Did you know that there are many different accident types that fall under personal injury law? If you have been involved in a car accident, a slip and fall accident, a medical malpractice accident, or a product liability accident and were injured, you can initiate a personal injury claim. With personal injury law encompassing so many different claims types, it stands to reason that they will differ state to state. 

In the event that you find yourself or someone you care for embroiled in a personal injury lawsuit, you might want to consider hiring an attorney. Within this article, we will look into the four things Floridians need to know about personal injury law in their state. 

Four Things About Florida’s Personal Injury Law 

Now that your interest is piqued, let’s dive into some little-known facts surrounding the personal injury laws that set Florida apart from other US states:

1. The Statute of Limitations

In most US states, the statute of limitations within which you can file a personal injury claim is two years.
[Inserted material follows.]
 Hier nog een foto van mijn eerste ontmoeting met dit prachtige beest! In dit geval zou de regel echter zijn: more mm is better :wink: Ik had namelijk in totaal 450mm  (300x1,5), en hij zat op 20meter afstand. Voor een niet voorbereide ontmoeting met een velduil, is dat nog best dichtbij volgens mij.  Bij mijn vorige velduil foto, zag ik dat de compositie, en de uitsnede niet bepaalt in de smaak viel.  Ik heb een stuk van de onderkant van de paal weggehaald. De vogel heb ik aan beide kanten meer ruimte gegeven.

However, Florida is different in that it has a four-year statute of limitations in which you can file a personal injury claim. Essentially, this means you have up to four years from when you were injured in an accident to file a claim with an attorney. 

Yet, there are exceptions to this. For example, if you are filing a claim that involves wrongful death or medical negligence, you only have two years to file a claim. If you don’t adhere to these timeframes, you will likely be forever barred from filing your personal injury claim. 
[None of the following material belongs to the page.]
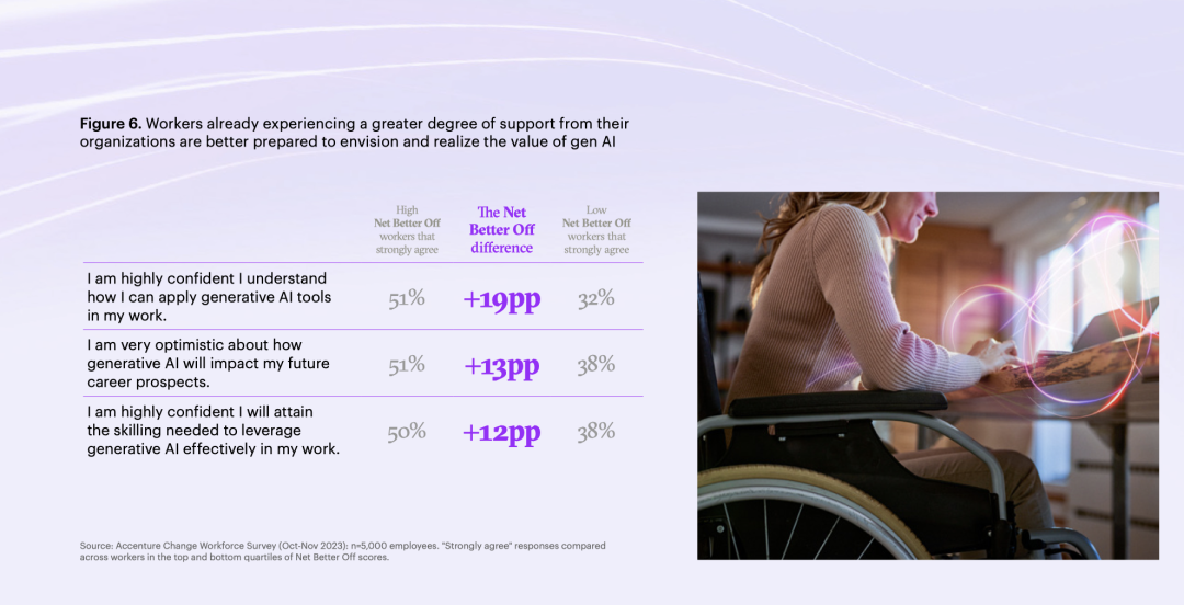 - 有51%的受较高支持的员工对生成式AI将如何影响他们未来的职业前景持乐观态度。

2. If You Were Partially at Fault, You Can Still File a Claim

In Florida, even if you were partially at fault for the accident you were involved in which caused your injuries, you can still file a personal injury claim. This is because Florida is a comparative fault state, unlike a few other states in America. As a comparative fault state, all potential damages you receive are dependent on how responsible you were for the accident that transpired.

In most cases, you will be judged on how your inactions or actions contributed to the accident, and then you will receive compensation according to this finding. For example, suppose you were involved in a vehicle accident, and it was established that you were 40 percent at fault and the other party was 60 percent responsible. In that case, the total damages you receive will be reduced by 40 percent. Additionally, even if you are found to be responsible for more than 51 percent of the accident, you can still file a lawsuit. 

3. There Is a Punitive Damage Cap in Florida

In Florida, punitive damages are rarely sought during a personal injury lawsuit. This is because punitive damages are generally only sought when acts of gross negligence occur or acts of malicious or intentional harm cause injury or death. In this state, the cap for punitive damages is set at $500,000, or up to three times the compensatory damages the plaintiff will receive. 

4. In Florida, You Can File a Lawsuit Against the Government for Negligence

In most states in America, you cannot file a personal injury claim against the government. However, in Florida, under the Florida Statutes section 768.28, the state has conditionally waived its immunity status in certain liability cases. However, you should note that the rules surrounding suing the government differ from standard personal injury claims procedures. 

These are only a few of the differences associated with Florida’s personal injury law. If you have been injured in an accident in Florida, it’s important to understand the differences in how laws are handled and how personal injury cases are executed. That’s why when you are ready to file a claim, it would be in your best interests to consult a Florida personal injury attorney, as they will know the laws best.